## EXERCISE OBJECTIVE
Extract the text of each entry below exactly, leaving every image behind.

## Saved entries
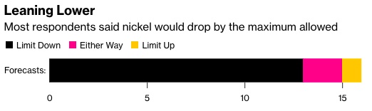 调查的16名分析师和交易员中,有13人预计镍价将会跌至伦敦金属交易所本周宣布的5%的新跌停板,该涨跌停板是为了给市场带来秩序。1人表示,价格将会涨停,而另外两位则表示,两种情况都有可能出现。
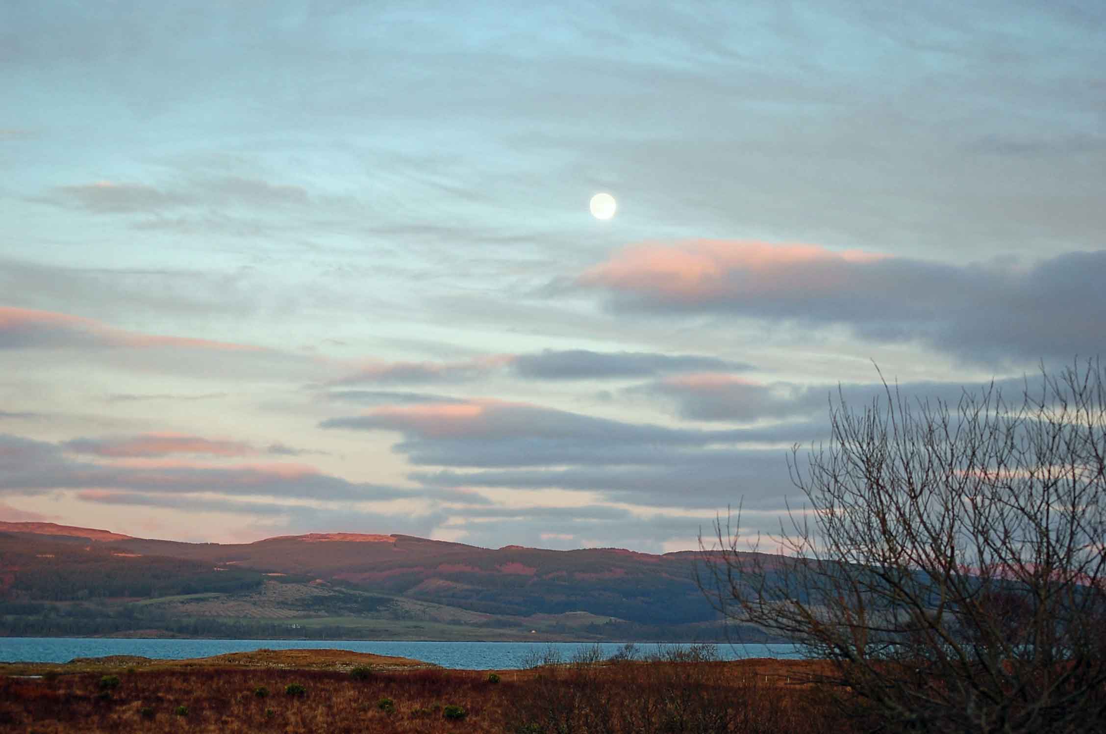 The moon over the mainland as the sun went down - the sky and tops of the mountains were a beautiful pink!
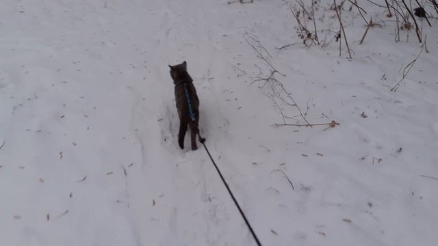 Кот Тишка гуляет на улице, зима.
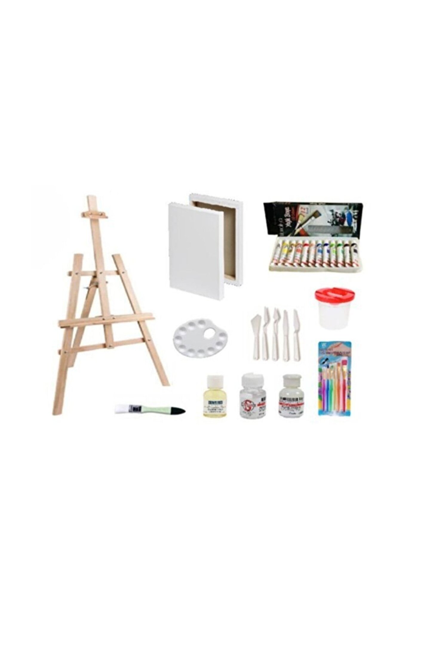 Yağlı Boya Başlangıç Seti Ahşap Şövale 175 Cm Boyanabilir Verniklenebilir
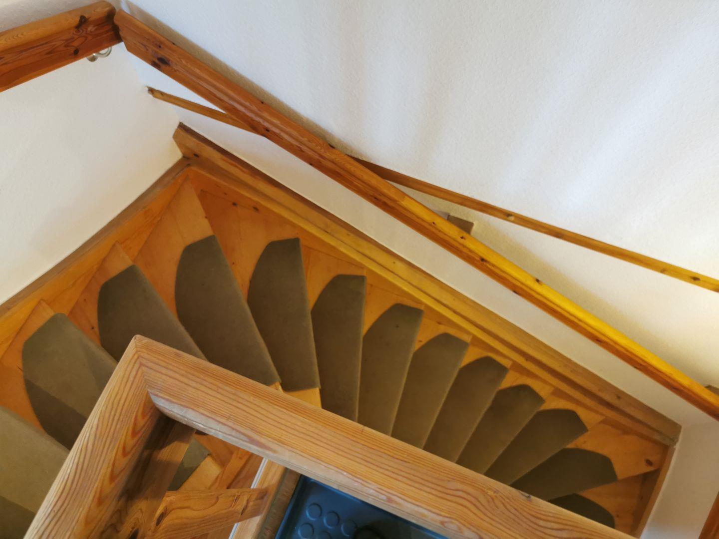 Natürliche Holzelemente und freiliegende Deckenbalken sorgen für ein behagliches, fast skandinavisch anmutendes Ambiente. Direkt neben dem Haus steht Ihnen ein eigener Parkplatz zur Verfügung – bequem und unkompliziert.
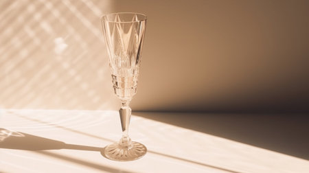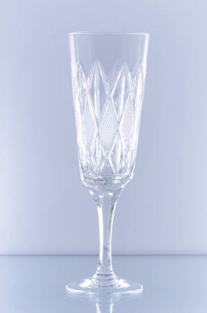 Cut glass crystal stemware champagne flute, isolated on shiny gray surface with gray background.
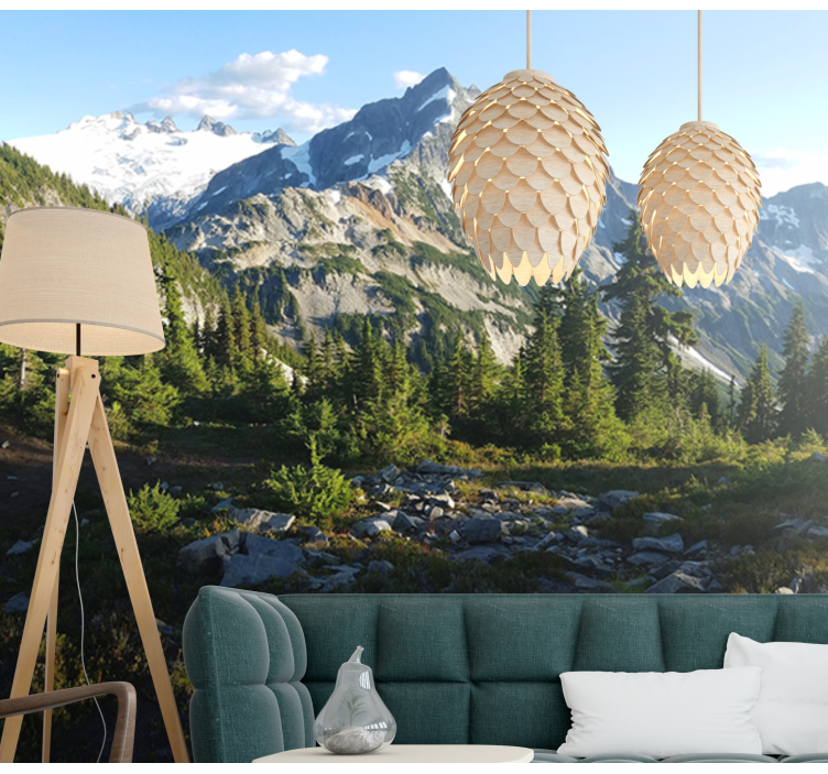 Transforma tu espacio con el Mural de paisajes vista del bosque montañoso, un diseño cautivador que evoca la majestuosidad de las montañas cubiertas de nieve, rodeadas de árboles frondosos y la pura esencia de la naturaleza. Este paisaje te sumergirá en un bosque encantador, creando una atmósfera serena y relajante en cualquier habitación de tu hogar.

## OUTPUT OF THE EXERCISE
 调查的16名分析师和交易员中,有13人预计镍价将会跌至伦敦金属交易所本周宣布的5%的新跌停板,该涨跌停板是为了给市场带来秩序。1人表示,价格将会涨停,而另外两位则表示,两种情况都有可能出现。
 The moon over the mainland as the sun went down - the sky and tops of the mountains were a beautiful pink!
 Кот Тишка гуляет на улице, зима.
 Yağlı Boya Başlangıç Seti Ahşap Şövale 175 Cm Boyanabilir Verniklenebilir
 Natürliche Holzelemente und freiliegende Deckenbalken sorgen für ein behagliches, fast skandinavisch anmutendes Ambiente. Direkt neben dem Haus steht Ihnen ein eigener Parkplatz zur Verfügung – bequem und unkompliziert.
 Cut glass crystal stemware champagne flute, isolated on shiny gray surface with gray background.
 Transforma tu espacio con el Mural de paisajes vista del bosque montañoso, un diseño cautivador que evoca la majestuosidad de las montañas cubiertas de nieve, rodeadas de árboles frondosos y la pura esencia de la naturaleza. Este paisaje te sumergirá en un bosque encantador, creando una atmósfera serena y relajante en cualquier habitación de tu hogar.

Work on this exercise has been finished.